Lingrui ZHOU
Prof. Lingrui ZHOU
Marketing
Assistant Professor
MSc(Mktg) Deputy Programme Director

3910 3105

KK 730

Publications
Bunch of Jerks: How Brands Can Benefit by Reappropriating Insults

Brands are increasingly finding themselves on the receiving end of negative labels from a variety of sources. While sometimes warranted, many of these negative labels feel like unwarranted or uncivil insults. Brands generally respond to such undeserved degradation by ignoring the insult, denying the insult, or perhaps apologizing to the insulter. This research explores another potential strategy: reappropriating the insult. We reveal that reappropriation—an intentional act of verbatim self-labeling with an externally imposed negative label—can garner unexpected benefits for brands, including greater advertisement click-through rate, interest, and more positive attitudes. The advantage of reappropriation is driven by perceptions of the brand's confidence and humor and is specific to situations in which the reappropriated insult is perceived to be unjustified and ultimately benign in nature. This work contributes to our understanding of how brands can recover from negative events and how reappropriation operates uniquely in an unexplored marketplace context. We also provide a novel recovery tactic for brand managers facing certain types of hostility.
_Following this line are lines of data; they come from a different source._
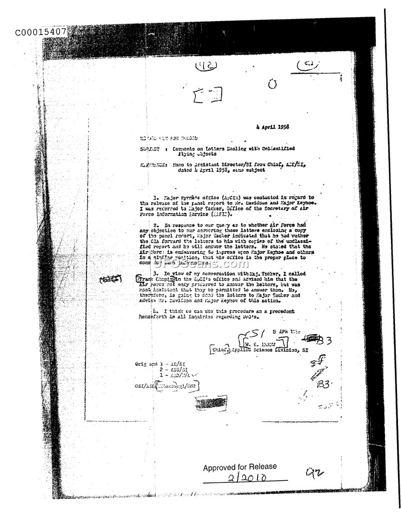 This memorandum, dated 4 April 1958, documents a procedural decision regarding the handling of public inquiries about Unidentified Flying Objects (UFOs). The author, identified as the Chief of the Applied Science Division, SI, recounts an initial attempt to contact Major Fyrre's office regarding the release of a panel report to Mr. Davidson and Major Keyhoe. The author was subsequently referred to Major Tacker at the Office of the Secretary of Air Force Information Service (SAFIC). Following a discussion with Major Tacker, it was determined that the Air Force would handle these inquiries directly by providing copies of the unclassified report to the requesters. The author then coordinated with Frank Chapin of the CIA to ensure that the Air Force would take responsibility for answering these letters. The memorandum concludes by proposing that this method of referring UFO-related inquiries to the Air Force be adopted as a standard precedent for all future correspondence on the subject.
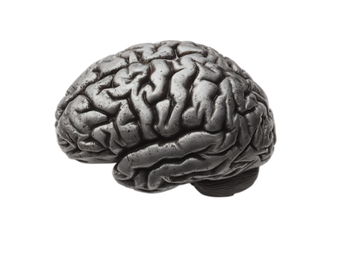 Realistic Human Brain Anatomical Model Front View, Isolated on Transparent Background
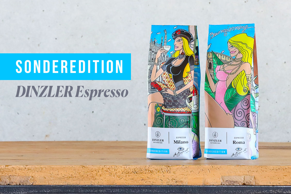 Als gebürtiger Italiener bezeichnet sich Mauro Bergonzoli selbstverständlich als leidenschaftlicher Espressotrinker. Kaffee bedeutet für ihn: Kultur, Geschmack, sich Zeit nehmen, um den Moment zu genießen. Er schätzt es, die Energie und Stimulation, die der köstliche Espresso schenkt, in produktive und erfüllende Arbeit umzuwandeln. Höchste Zeit also für die DINZLER Espresso-Sondereditionen: Der DINZLER Espresso Roma Sonderedition Mauro Bergonzoli und DINZLER Espresso Milano Sonderedition Mauro Bergonzoli. Dafür hat der Künstler zwei Verpackungen in seinem typisch lebendigen Stil designt.

Sharing Food Can Backfire: When Healthy Choices for Children Lead Parents to Make Unhealthy Choices for Themselves

Many consumers are caregivers and, as part of caregiving, frequently make food choices for their dependents. This research examines how food choices made for children influence the healthiness of parents’ subsequent self-choices. Whereas prior work focuses on choices for the self (others) as based on self-needs (other-needs), the authors theorize when and why self-choices involve consideration of other-needs. Five studies, including a nursery school field study, test the effect of choosing healthy food for a child on the healthiness of parents’ self-choices, focusing on the role of anticipating potentially sharing self-choices with one's child. Potential sharing increased parents’ likelihood of making an unhealthy subsequent self-choice if they first made a healthy choice for their child. This effect was driven by parents’ present-focused parenting concerns about whether one's child would eat and enjoy healthy options chosen for them. This effect was mitigated when parents instead had future-focused parenting concerns. Additionally, this effect was mitigated after making an initial choice for the child that was (1) unhealthy or (2) healthy but relatively liked by the child. This research contributes to understanding how choices for others shape choices for the self and offers important marketing and policy implications.